2. Technically, no, we shouldn't have gone because it was unconstitutional, but for a while the argument was made that the casualties were less than they would have been had Saddam Hussein simply remained in power. As long as that held true, this illegal war could be said to at least have brought some good results.

By "legitimate resistance fighters," do you mean some group that doesn't blow up children? I don't hear about them much.

The soldiers there I'm sure hope to do some good. The easiest way to not get shot at by Americans is to not attack them. Germany was also occupied by the Americans, but since no one attacked them, no innocent civilians died, proving that an occupying American presence can be peaceful, if the other side isn't crazy. (I'm not talking about Operation Keelhaul, here.)

Anonymous said...

"Once again I find myself wondering if such a facility is a mandatory prerequisite for those seeking to occupy the large, tacky building at 1800 Center Street in Little Rock."
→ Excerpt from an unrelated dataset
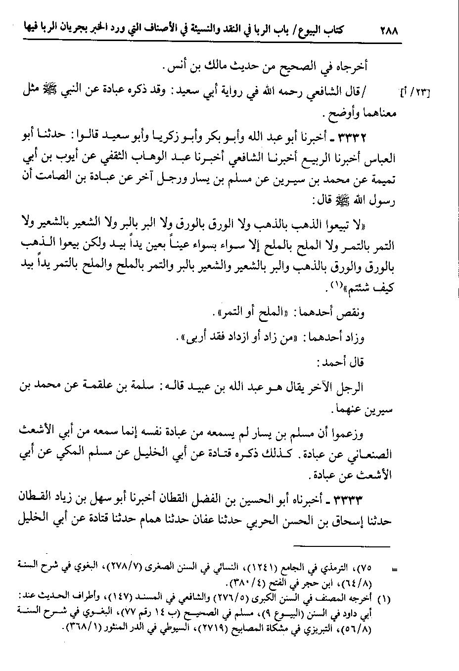 3332 - أخبرنا أبو عبد الله وأبو بكر وأبو زكريا وأبو سعيد قالوا : حدثنا أبو العباس أخبرنا الربيع أخبرنا الشافعي أخبرنا عبد الوهاب الثقفي عن أيوب بن أبي تميمة عن محمد بن سيرين عن مسلم بن يسار ورجل آخر عن عبادة بن الصامت أن رسول الله صلى الله عليه وسلم قال لا تبيعوا الذهب بالذهب ولا الورق بالورق ولا البر بالبر ولا الشعير بالشعير ولا التمر بالتمر ولا الملح بالملح إلا سواء بسواء عيناً بعين يداً بيد ولكن بيعوا الذهب بالورق والورق بالذهب والبر بالشعير والشعير بالبر والتمر بالملح والملح بالتمر يداً بيد كيف شئتم.

Actually, it seems to be a mandatory prerequisite for those seeking to occupy any of the 'large, tacky buildings' in each capital city of each state and in the national capital as well. And, unfortunately, it tends to be the ones with the greatest propensity for that facility which end up achieving that desired occupancy. None of that 'lesser evil' will be tolerated.

The wisdom in Douglas Adams' quote (“Anyone who is capable of getting himself elected president should on no account be allowed to do the job.”) is just proven more and more all the time.